I am a cad. A knave, a scoundrel, a scallywag.
Why do I say this?
Because I didn’t think things through, and posted what I thought was a satirical exposé of brutish behavior, I’ve deeply hurt my own wife.
(It was, as I can now see, well-nigh the nadir of insensitivity).
Which, at the time, was the furthest thing from my mind.
But the truth about me is that, at one time or another, over the course of twenty-one years, I have likely said most (if not all) of those things in that list to her. Yes, like just about every other married couple, we’ve gotten upset with one another, and said things. I’ve said things. Hurtful things.
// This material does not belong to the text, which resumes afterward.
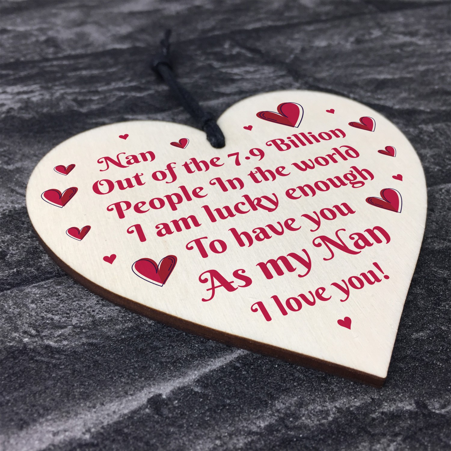 The sign is made from high quality, and the design is permanently printed into the heart. The wooden heart is supplied with waxed cotton rope in both black and red colours to allow easy hanging and looks great in any room of the house.
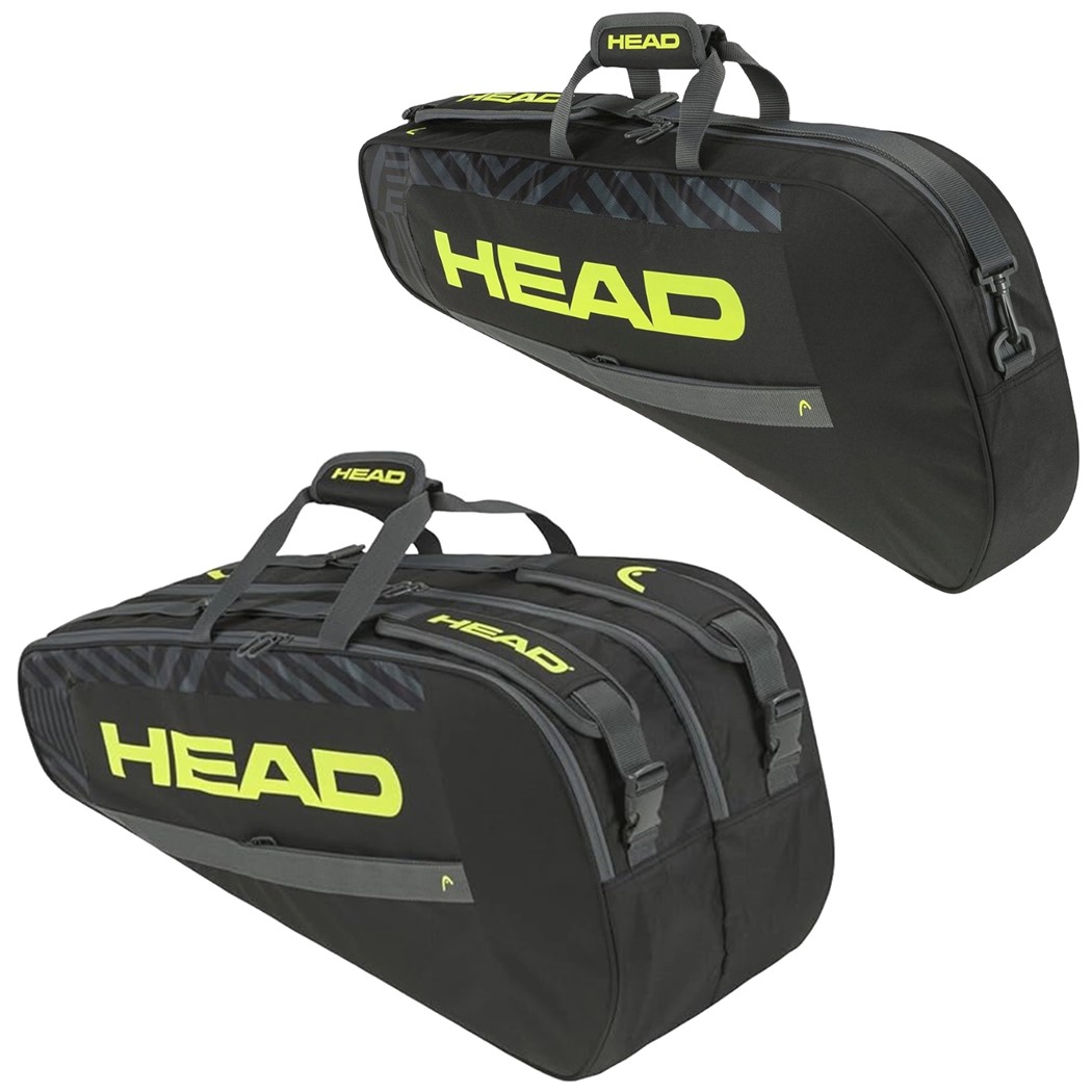 Choose between the Head Base 3R Tennis Bag S or the Head Base 6R Tennis Bag M. Both bags are Black/Neon Yellow in color, are made of 100% Polyester and have an outside zipper pocket for accessories. The 3R has one main compartment with space for up to 3 racquets and measures 30 x 4 x 13 in. The 6R has two main compartments with space for up to 6 racquets, can be carried with a shoulder strap or as a backpack, and measures 30 x 11 x 13 in.

So I can understand why, though it’s not at all what I had in mind in this instance, she would be so deeply shocked and offended.
It hurts me that something I wrote hurt her so deeply. What hurts worse is that, although she was recovering from surgery, I fought with her about it–insisting that it was satire. Instead of giving up my rights in a Christlike fashion, I fought for them. To my shame, I was proud of the creativity I thought I displayed.
The Scriptures say that pride comes before a fall, and in an ironic twist of the tale, I became the brutish oaf I thought I was lampooning.
And for that I am deeply, truly sorry.
I hurt her so deeply. I hope she can forgive me. Please pray that she does.
Why in this vale of tears do we so often hurt the ones we love?